* _Records for processing_:

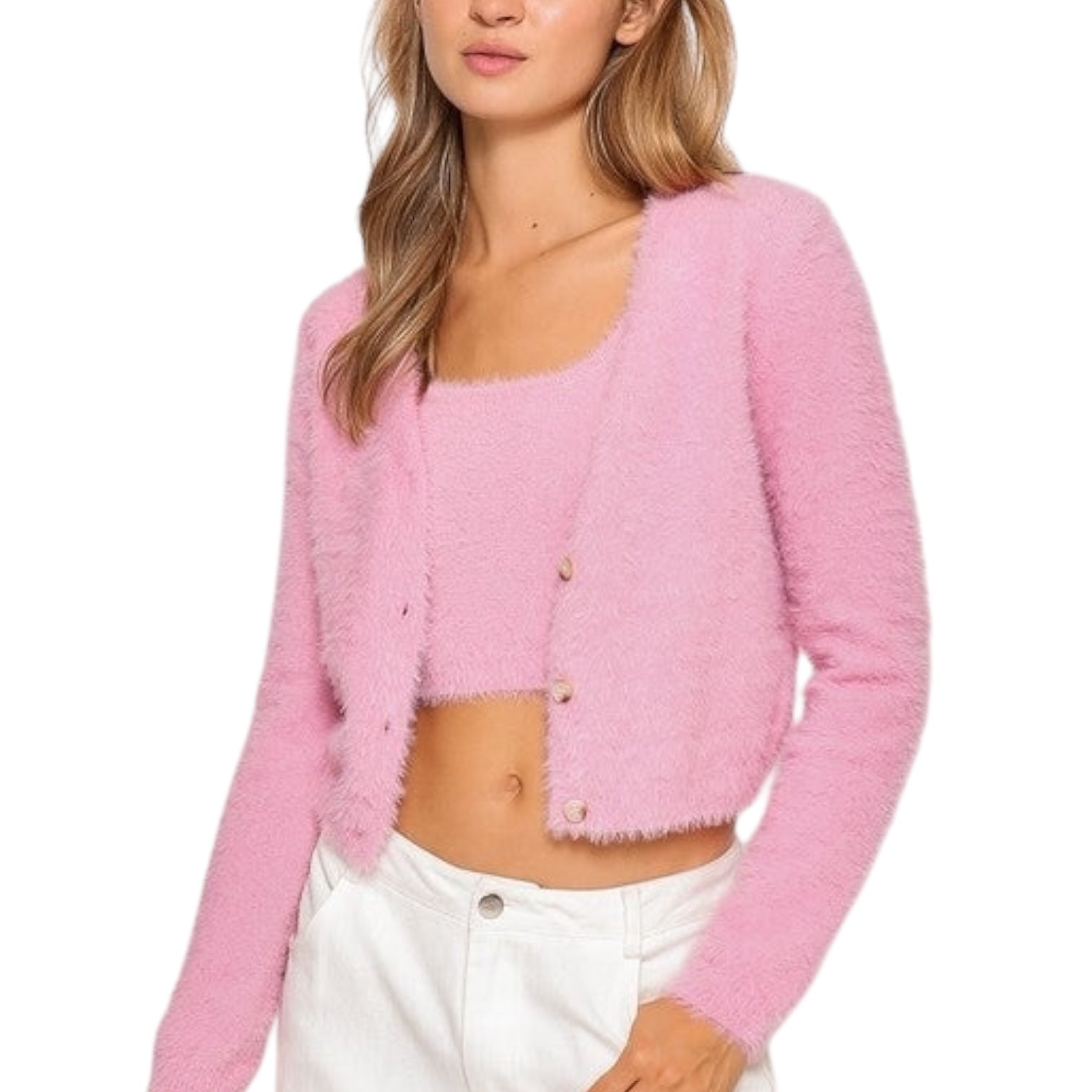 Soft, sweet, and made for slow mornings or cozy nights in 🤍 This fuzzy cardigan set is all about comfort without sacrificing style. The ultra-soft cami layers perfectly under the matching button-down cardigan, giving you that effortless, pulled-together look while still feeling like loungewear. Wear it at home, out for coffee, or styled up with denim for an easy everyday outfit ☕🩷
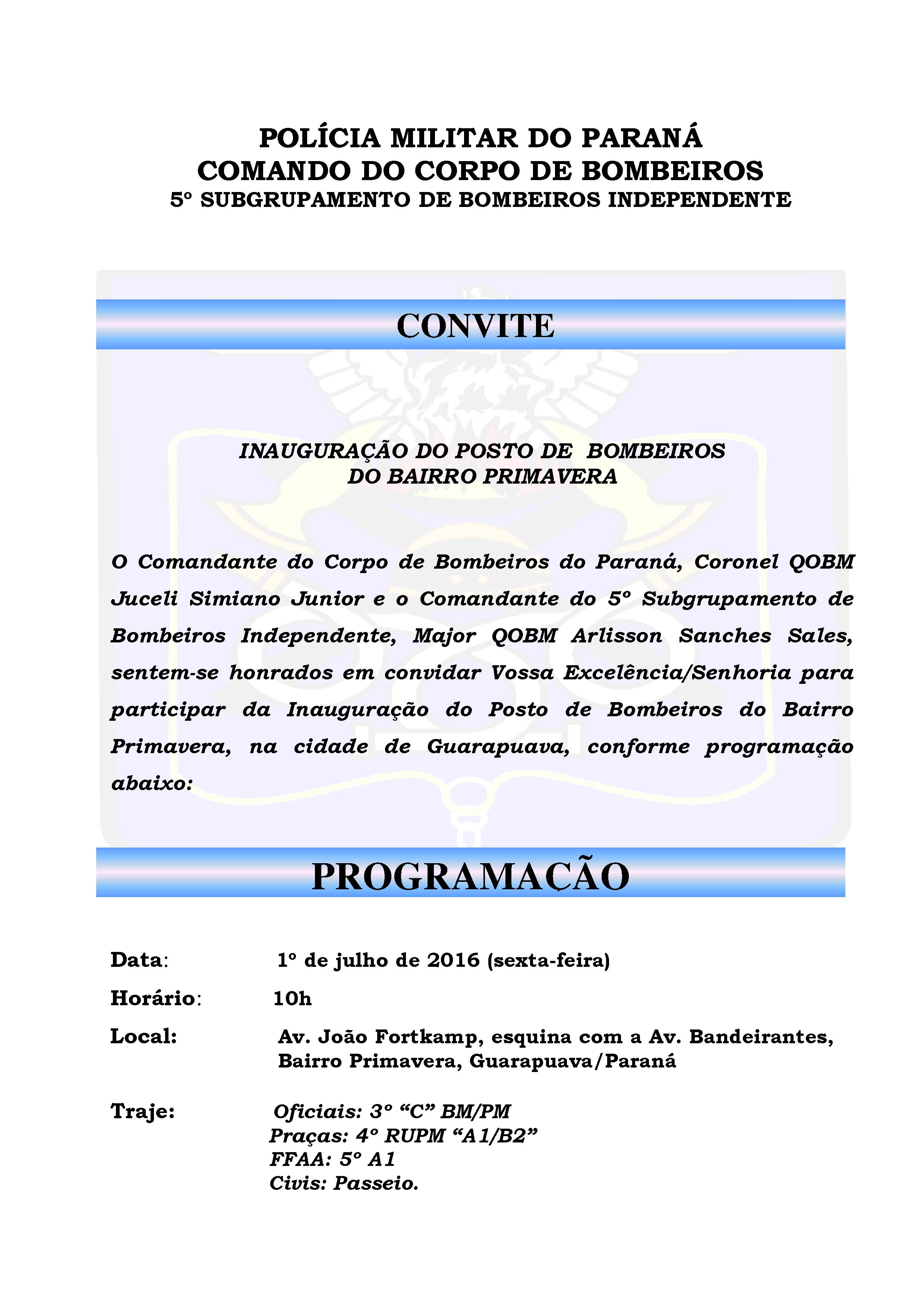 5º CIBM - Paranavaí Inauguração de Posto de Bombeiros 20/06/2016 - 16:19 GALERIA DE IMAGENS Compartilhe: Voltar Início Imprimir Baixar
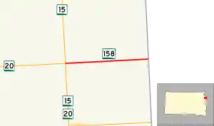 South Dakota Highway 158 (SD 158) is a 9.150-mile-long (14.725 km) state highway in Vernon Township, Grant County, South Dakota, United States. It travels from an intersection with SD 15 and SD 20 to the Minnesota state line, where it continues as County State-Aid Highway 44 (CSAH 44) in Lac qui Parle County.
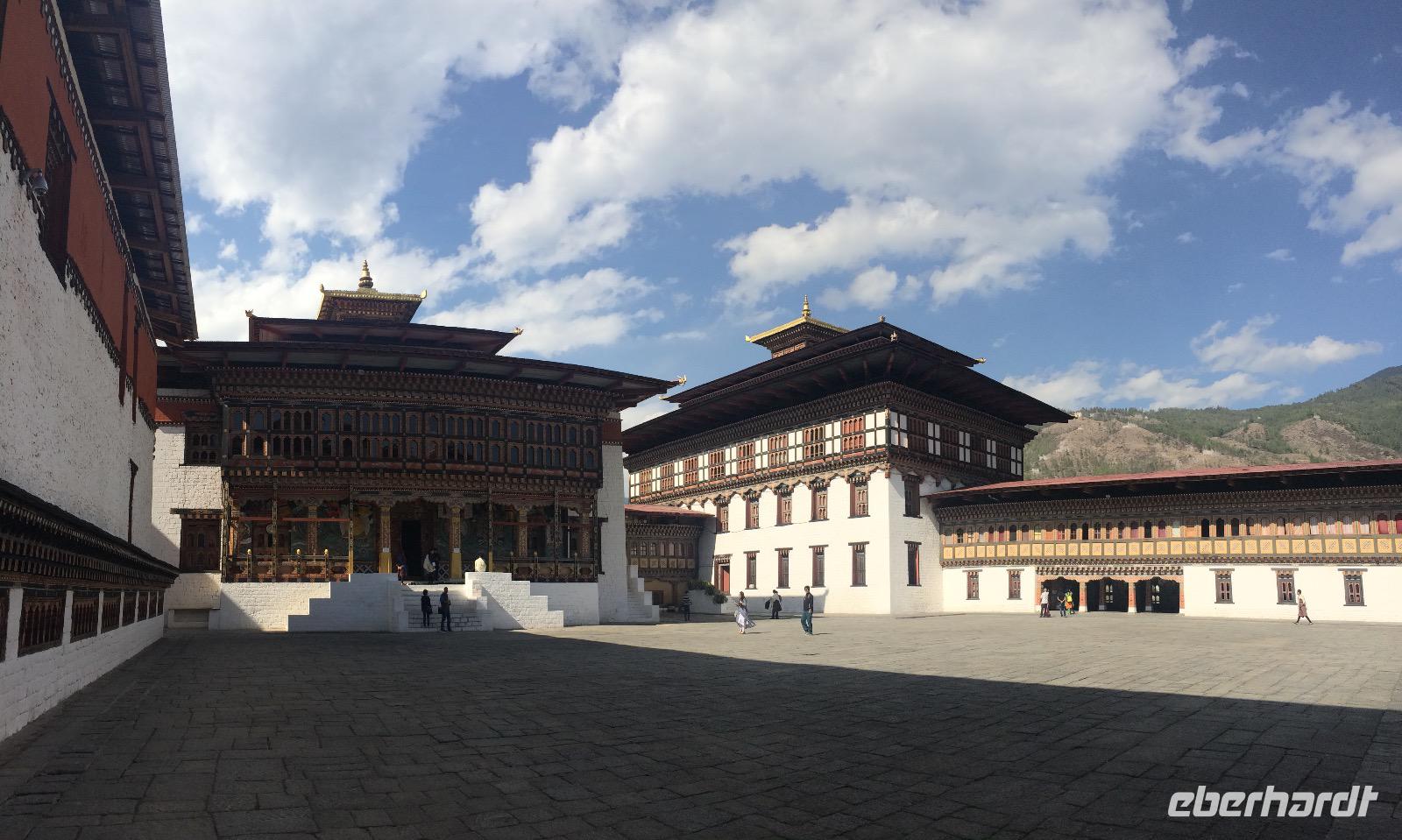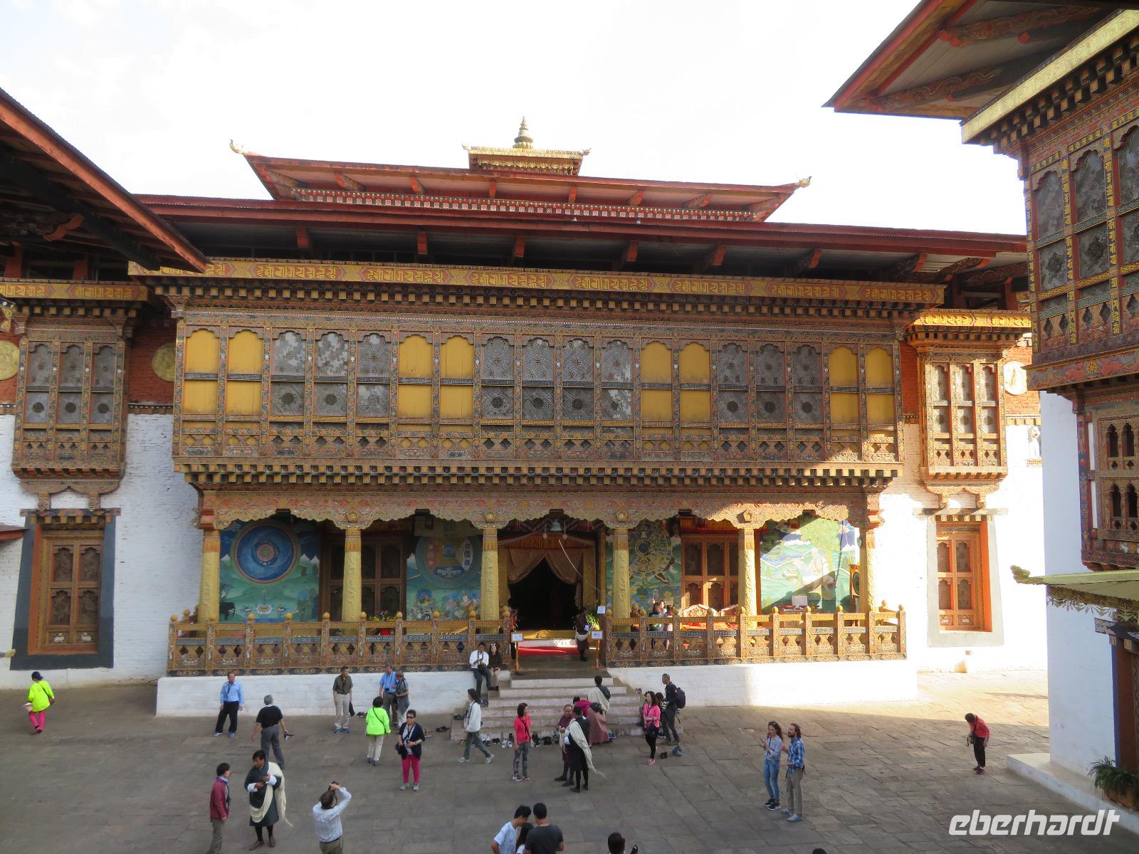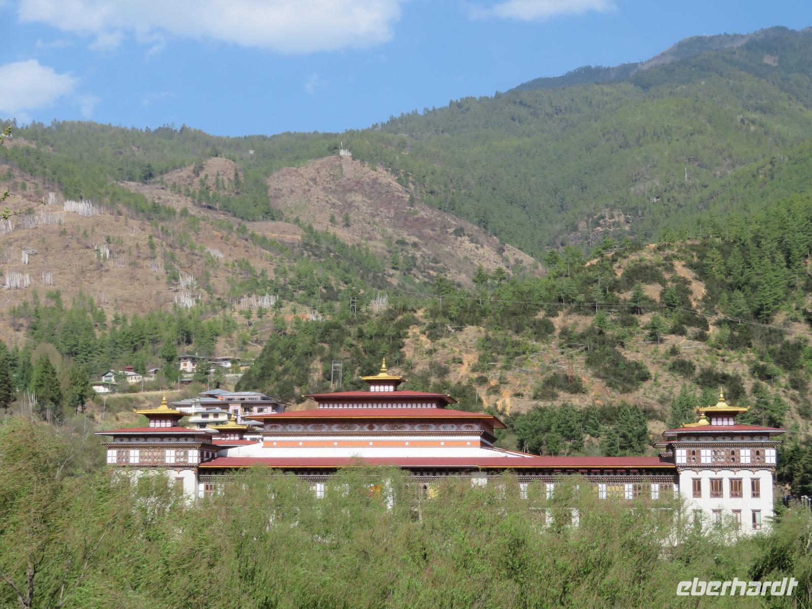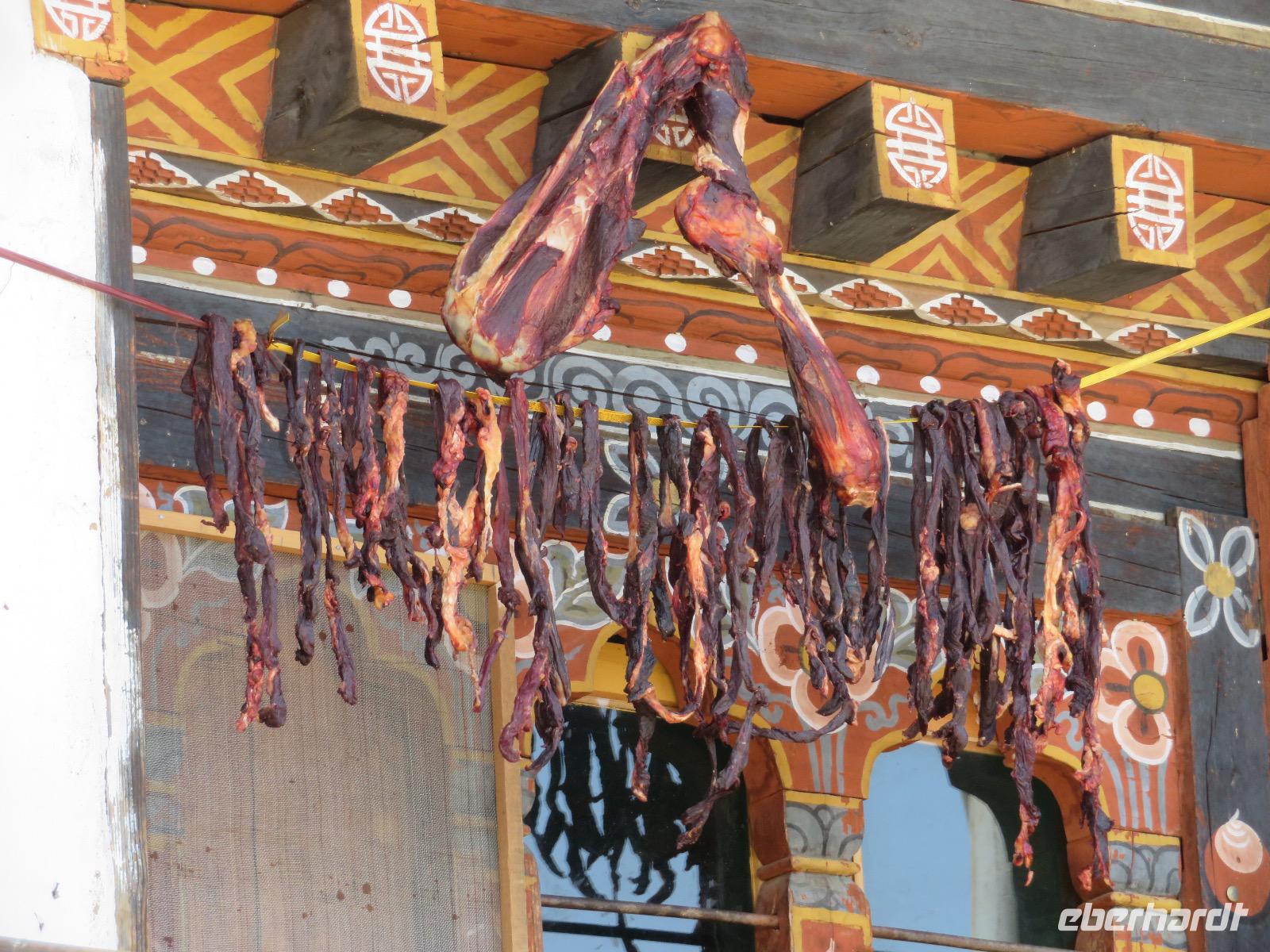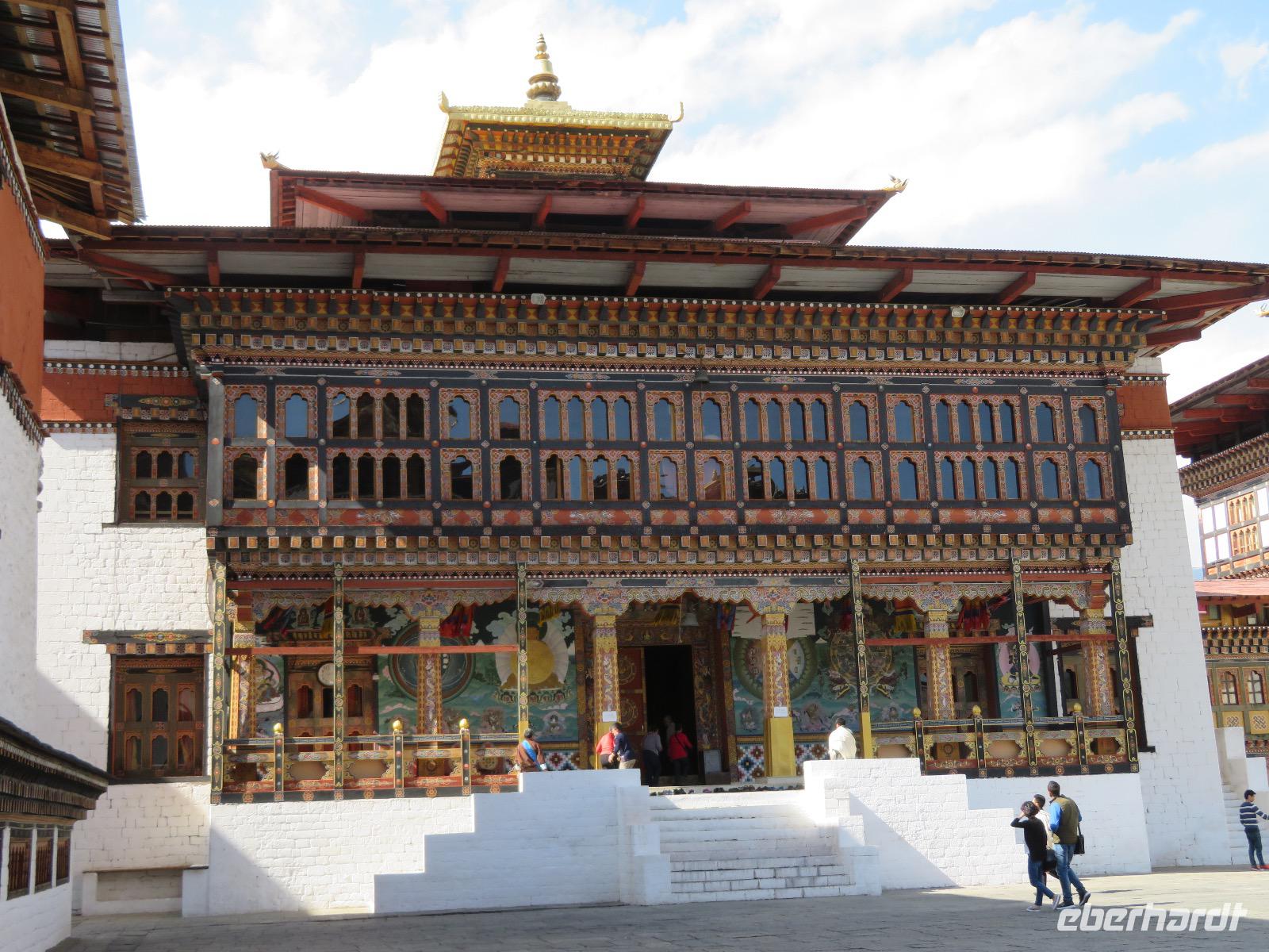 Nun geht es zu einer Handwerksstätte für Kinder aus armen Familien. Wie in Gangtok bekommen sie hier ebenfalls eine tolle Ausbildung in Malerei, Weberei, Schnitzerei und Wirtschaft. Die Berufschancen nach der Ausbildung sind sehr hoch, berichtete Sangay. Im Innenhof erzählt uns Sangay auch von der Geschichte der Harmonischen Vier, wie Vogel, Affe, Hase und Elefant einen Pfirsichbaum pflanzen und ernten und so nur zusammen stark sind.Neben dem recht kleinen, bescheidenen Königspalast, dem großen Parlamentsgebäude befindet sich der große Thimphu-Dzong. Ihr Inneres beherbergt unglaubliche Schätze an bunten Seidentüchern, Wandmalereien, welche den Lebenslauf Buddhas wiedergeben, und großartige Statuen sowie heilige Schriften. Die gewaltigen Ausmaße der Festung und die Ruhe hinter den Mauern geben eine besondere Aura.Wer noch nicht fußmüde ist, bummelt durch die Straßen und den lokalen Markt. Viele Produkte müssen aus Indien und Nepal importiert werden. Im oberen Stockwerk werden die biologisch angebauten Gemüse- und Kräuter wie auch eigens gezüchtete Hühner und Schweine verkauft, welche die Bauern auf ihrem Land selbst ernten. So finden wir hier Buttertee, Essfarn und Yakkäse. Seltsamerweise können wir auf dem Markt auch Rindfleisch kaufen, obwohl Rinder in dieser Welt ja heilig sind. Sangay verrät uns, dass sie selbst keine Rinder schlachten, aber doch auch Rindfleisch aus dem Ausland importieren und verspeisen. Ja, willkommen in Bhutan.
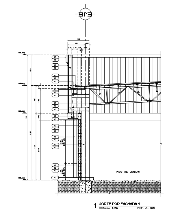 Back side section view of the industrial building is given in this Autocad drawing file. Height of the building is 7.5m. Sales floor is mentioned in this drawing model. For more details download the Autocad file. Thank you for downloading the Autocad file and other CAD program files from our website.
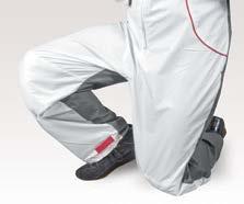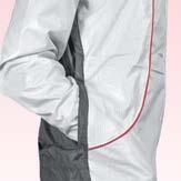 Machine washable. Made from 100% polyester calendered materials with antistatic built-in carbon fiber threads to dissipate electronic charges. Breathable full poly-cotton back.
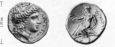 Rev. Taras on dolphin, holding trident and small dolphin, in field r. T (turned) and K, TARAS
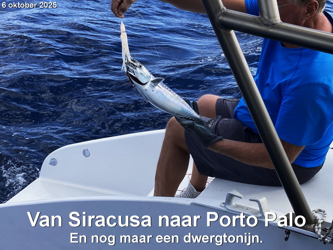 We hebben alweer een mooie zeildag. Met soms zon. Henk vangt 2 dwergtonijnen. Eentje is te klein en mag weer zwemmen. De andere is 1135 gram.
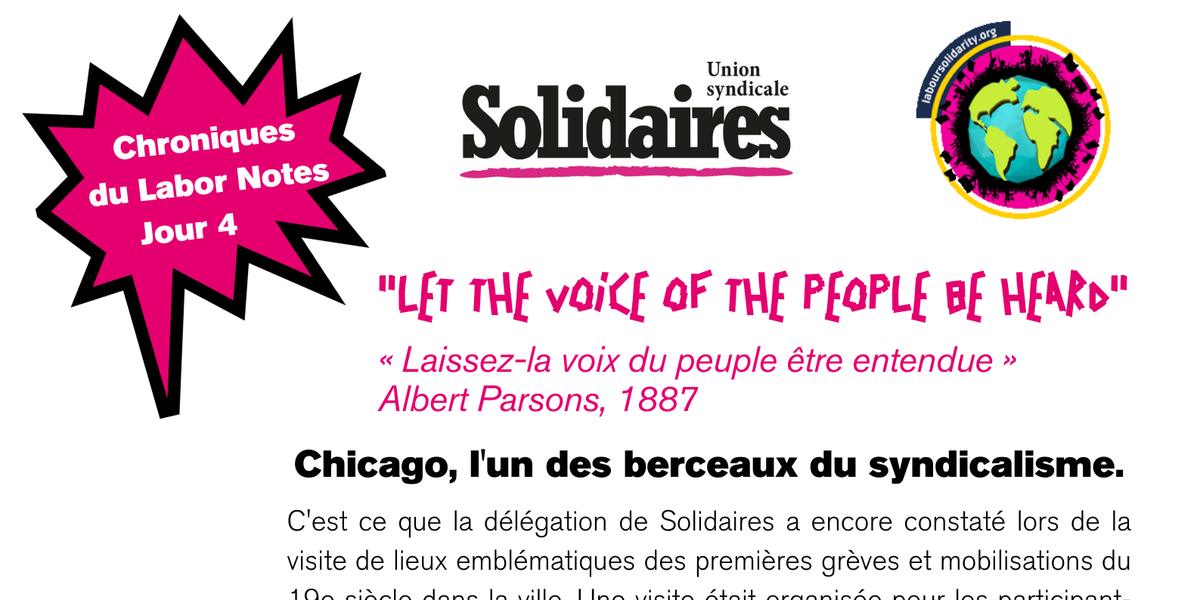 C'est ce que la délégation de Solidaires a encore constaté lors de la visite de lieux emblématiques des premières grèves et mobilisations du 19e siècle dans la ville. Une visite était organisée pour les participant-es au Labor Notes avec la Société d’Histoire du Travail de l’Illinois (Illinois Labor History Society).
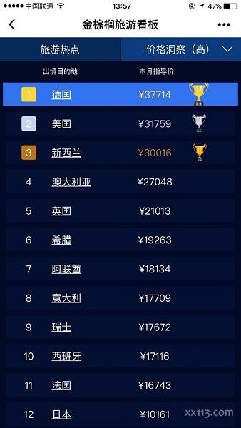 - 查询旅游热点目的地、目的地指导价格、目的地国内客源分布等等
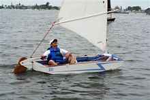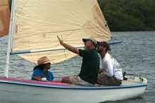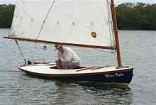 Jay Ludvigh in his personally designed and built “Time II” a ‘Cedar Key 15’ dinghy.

* _Required action_: Pictures don't belong in the copy. Retype exactly the lines from the one with "Machine washable. Made" through the last line of the records.

* _Exercise output_:
 Machine washable. Made from 100% polyester calendered materials with antistatic built-in carbon fiber threads to dissipate electronic charges. Breathable full poly-cotton back.
 Rev. Taras on dolphin, holding trident and small dolphin, in field r. T (turned) and K, TARAS
 We hebben alweer een mooie zeildag. Met soms zon. Henk vangt 2 dwergtonijnen. Eentje is te klein en mag weer zwemmen. De andere is 1135 gram.
 C'est ce que la délégation de Solidaires a encore constaté lors de la visite de lieux emblématiques des premières grèves et mobilisations du 19e siècle dans la ville. Une visite était organisée pour les participant-es au Labor Notes avec la Société d’Histoire du Travail de l’Illinois (Illinois Labor History Society).
 - 查询旅游热点目的地、目的地指导价格、目的地国内客源分布等等
 Jay Ludvigh in his personally designed and built “Time II” a ‘Cedar Key 15’ dinghy.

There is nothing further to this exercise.